No visit to Vigan would be complete until you walked through this street---Calle Crisologo at the Kamestizoan District. It is a half-kilometer stretch of cobblestoned street lined with 18th century Filipino-Spanish architecture and replete with an old world charm. While strolling at Calle Crisologo, look up and see the azoteas, capiz windows, ornamental ironwork and imagine young mestizas in Maria Clara dresses giggling behind their abaniko (a hand-held fan). The clacking noise of horse-driven carriage we call kalesa completes the ambiance of Vigan more than a century ago.

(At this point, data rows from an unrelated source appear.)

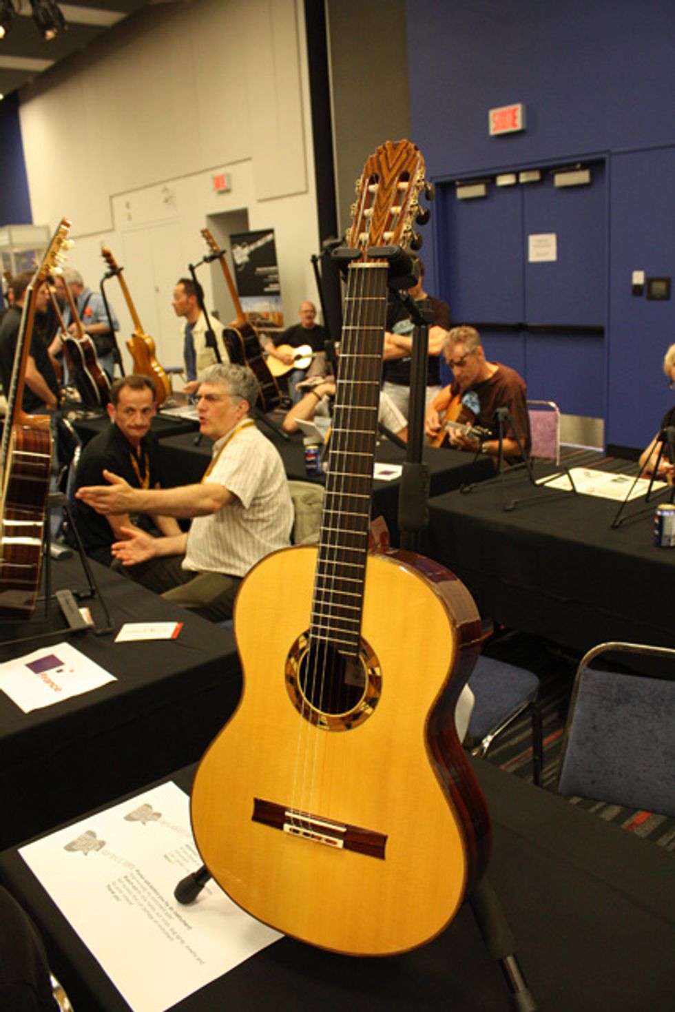 Jean-Yves Alquier specializes in building concert classical guitars. At the show, he presented his classical Juliette as well as a unique jazz guitar model built specially for the Montreal event.
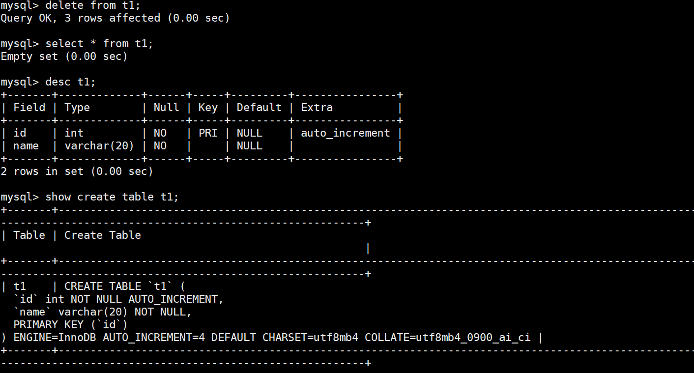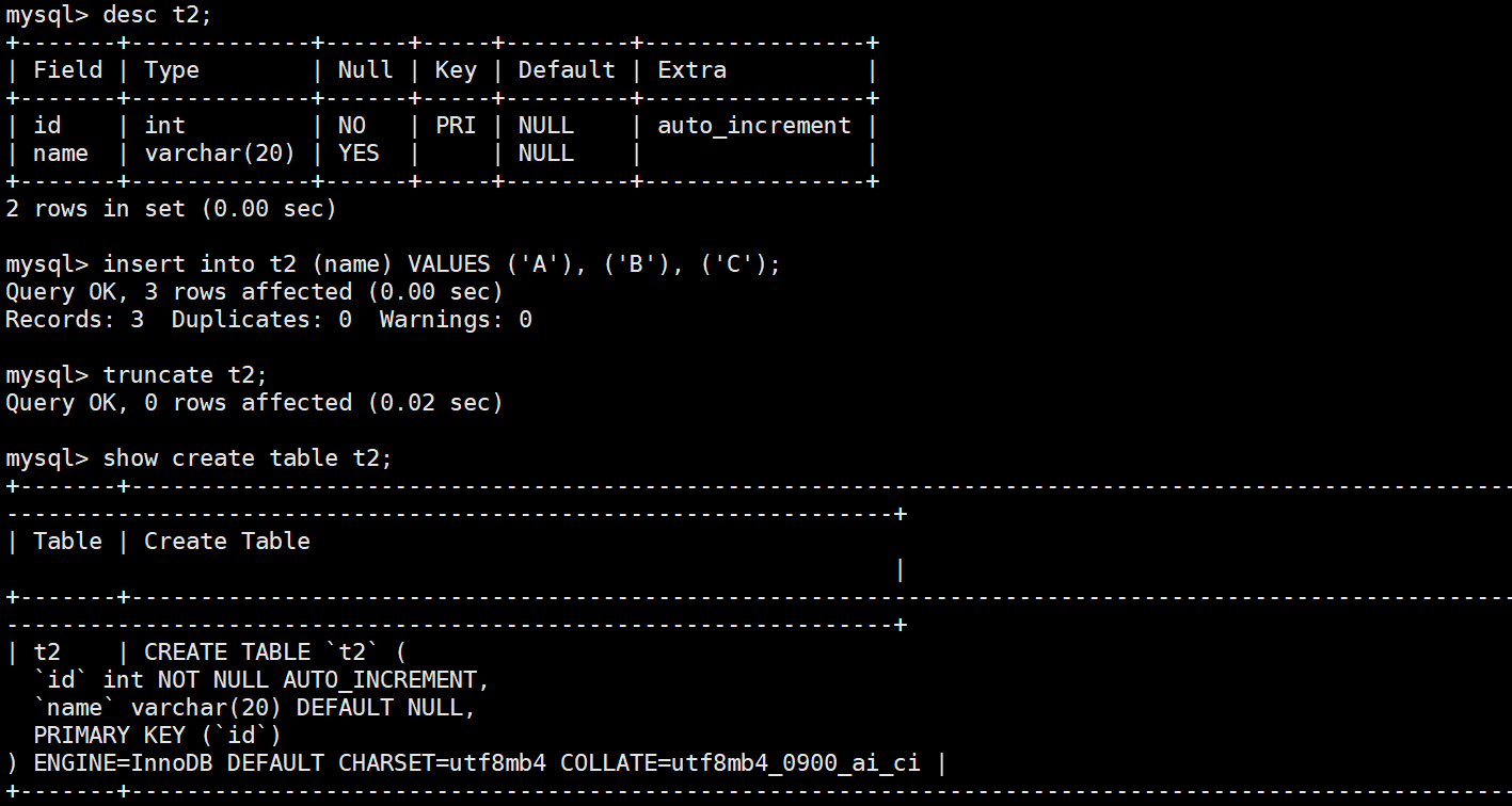 | 是否重置自增 | ❌ 不重置 | ✅ 重置 |
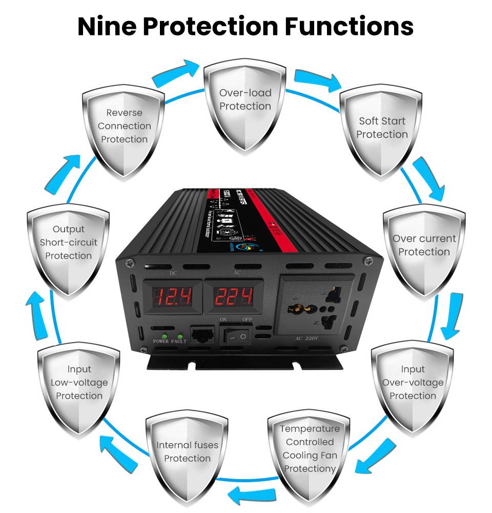 4. Не перегружать бытовые приборы, такие как инверторы с двигателями, водяные насосы, кондиционеры и другие индуктивные нагрузки. Пожалуйста, умножьте номинальную мощность как минимум в 3 раза, и Полученное значение не должно превышать мощность инвертора.
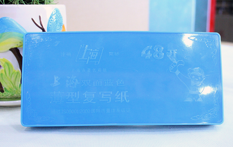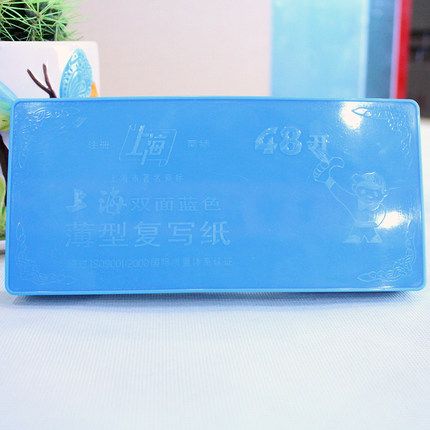 400張塑料盒裝 上海2834薄型藍(lán)印紙48開雙面藍(lán)色復(fù)寫紙8.5X18.5cm

kalesas along Calle Crisologo
The old mansions at Calle Crisologo now house handicraft and curio shops, some furniture and antique dealers, pension houses and restaurants---I even spied a funeral parlor. We purchased a few touristy items here, also bought Abel-Iloko blankets---handwoven blankets known as Abel-weaving, one of the surviving traditional crafts in Vigan; browsed through second-hand books, and had coffee at The Perfect Cup, Vigan's version of Starbucks.
Vigan City, the capital of Ilocos Sur and 407 kilometers north of Manila, has the most extensive surviving ancestral houses that dates back to the 15th century Spanish colonial period. West of the city is the South China Sea, it is accessible by land and by air from Manila, Baguio, Laoag and other parts of Luzon.